Menurut Yuliandri, rumusan alternatif kumulatif dari ketentuan Pasal 79 ayat (3) dari UU MD3 sama sekali tidak dapat dijadikan sebagai dasar untuk menjadikan KPK sebagai subjek hukum yang dapat diselidiki oleh DPR. Bahkan jika norma-norma tersebut dapat diberi penafsiran, lanjutnya, maka norma tersebut haruslah ditafsirkan bahwa hak angket hanya dapat dilakukan terhadap lembaga yang berada di bawah ranah eksekutif yang bertanggung jawab langsung kepada presiden.

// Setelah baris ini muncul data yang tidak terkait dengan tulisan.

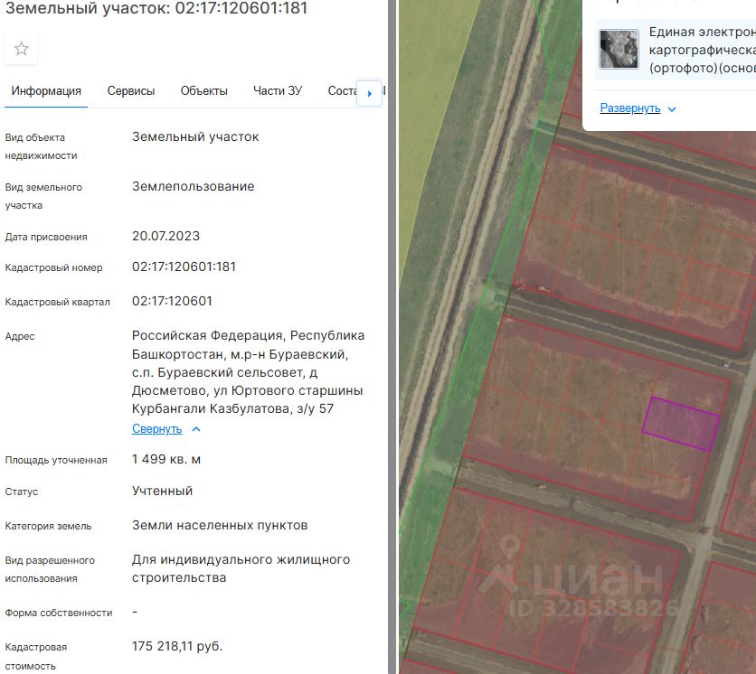 Земельный участок (далее участок), категории земель населенных пунктов, с кадастровым номером 02:17:120601:181 площадью 1499 кв. м, расположенного по адресу: Российская Федерация, Республика Башкортостан, м.р-н Бураевский, с.п. Бураевский сельсовет, д Дюсметово, ул Юртового старшины Курбангали Казбулатова, з/у 57, с видом разрешенного использования "Для индивидуального жилищного строительства", с правом строительства зданий, сооружений.

Selain itu, Yuliandri menyebut adanya cacat prosedur dalam pelaksanaan hak angket DPR terhadap KPK karena adanya ketentuan yang tidak dipatuhi. Prosedur yang tidak dipatuhi tersebut diatur dalam Pasal 199 ayat (3) UU MD3, yakni cara voting yang harus mendapat persetujuan dari rapat paripurna DPR yang dihadiri lebih dari setengah jumlah anggota DPR. Keputusan tersebut harus diambil dengan persetujuan lebih dari setengah jumlah anggota DPR yang hadir.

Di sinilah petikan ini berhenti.